= Alice Wilkes =

Servant to Catherine Howard (16th century)

Alice Wilkes (also spelt Welkes, married name Alice Restwold) was an English servant to Catherine Howard, the fifth wife of Henry VIII of England and was a significant witness in Queen Catherine's trial for treason and adultery.

== Biography ==
Wilkes was member of the household of Agnes Howard, Duchess of Norfolk, with Catherine Howard. When Catherine became queen, Wilkes was appointed as one of her chamberers. Catherine Howard gave Wilkes "upper and nether habiliments of goldsmith's work for the French hood and a tablet of gold".

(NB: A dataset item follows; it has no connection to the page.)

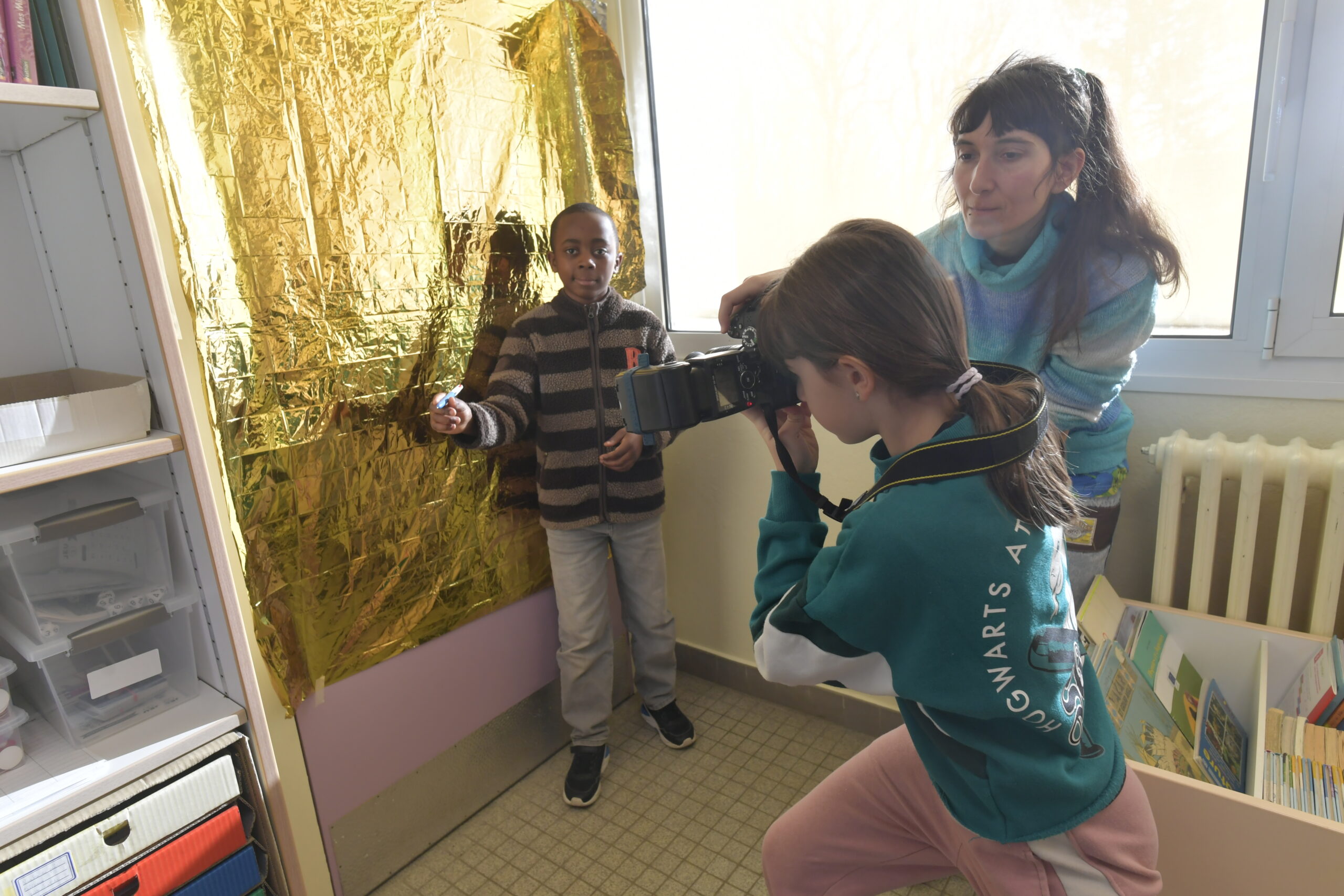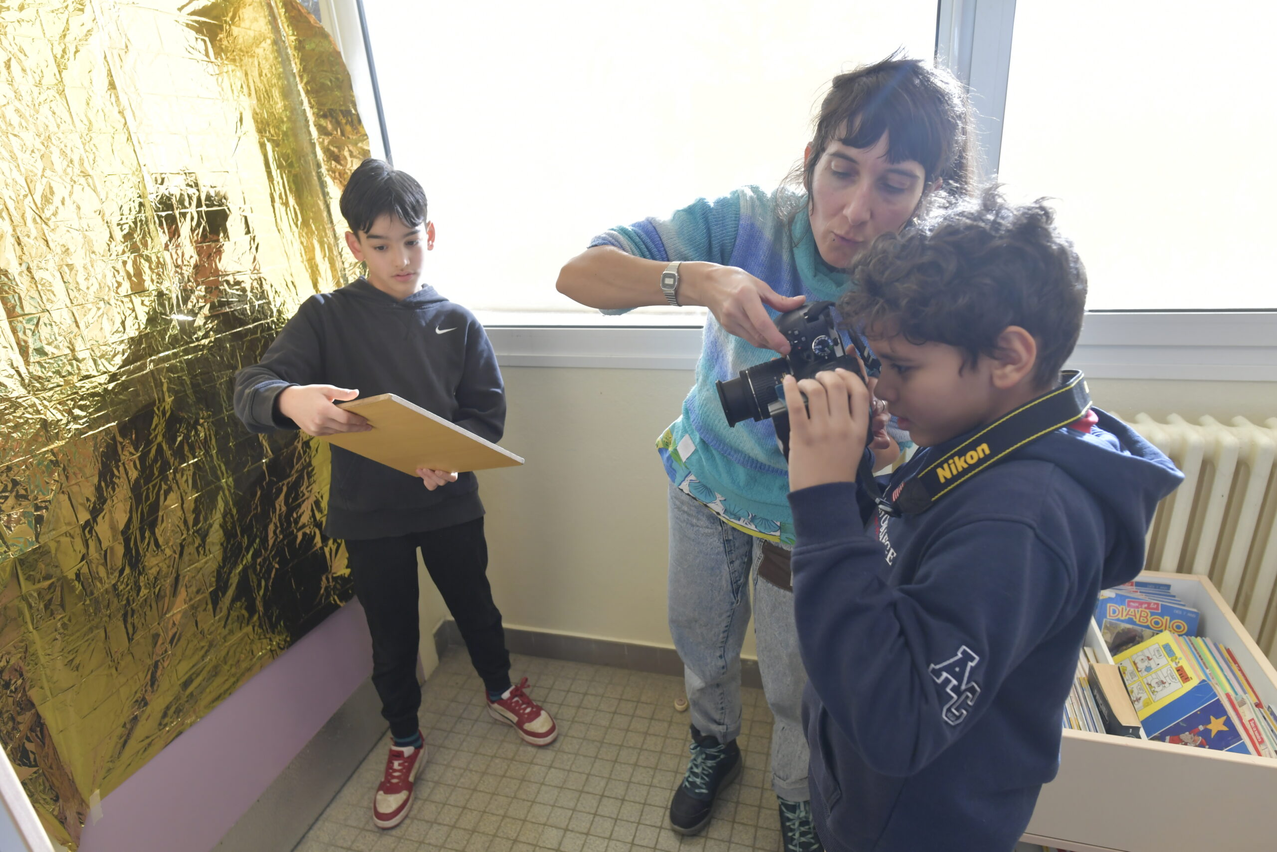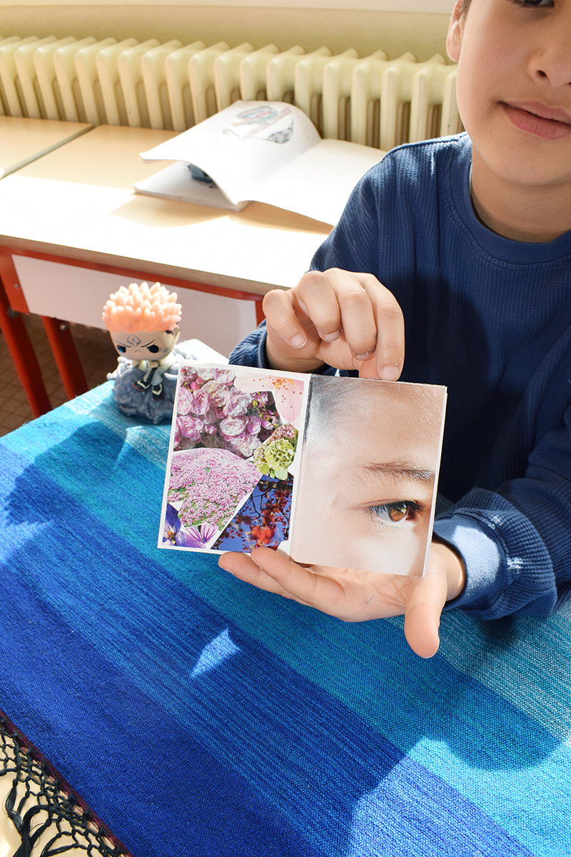 Le parcours « Fanzine-Poster : ça, c’est moi ! » proposé par l’artiste photographe Ama split invite les élèves à partir à la recherche d’eux-mêmes en réalisant un fanzine poster sur le thème de l’autoportrait : les enfants devaient fabriquer un fanzine-poster en utilisant diverses pratiques comme la photographie numérique en studio, le collage, le dessin et le graphisme.

Wilkes was a significant witness in Queen Catherine's trial for treason and adultery. She was first questioned about her former mistress on 5 November 1541 and by 22 December had "pleaded guilty to misprision of treason as having concealed the facts of the Queen’s behaviour."

After questioning, Wilkes informed that Francis Dereham had spent his nights in Catherine’s bed whilst in the household of Agnes Howard 1538, prior to her marriage to the King. Wilkes also slept in this bed and was allegedly "so irritated by the couples puffing and blowing" as they had sex that she asked to switch beds.

Alice's husband was Anthony Restwold, the son of Edward Restwold and Agnes Restwold (later Waterton). He was a Member (MP) of the Parliament of England for New Woodstock in November 1554 and for Aylesbury in 1555.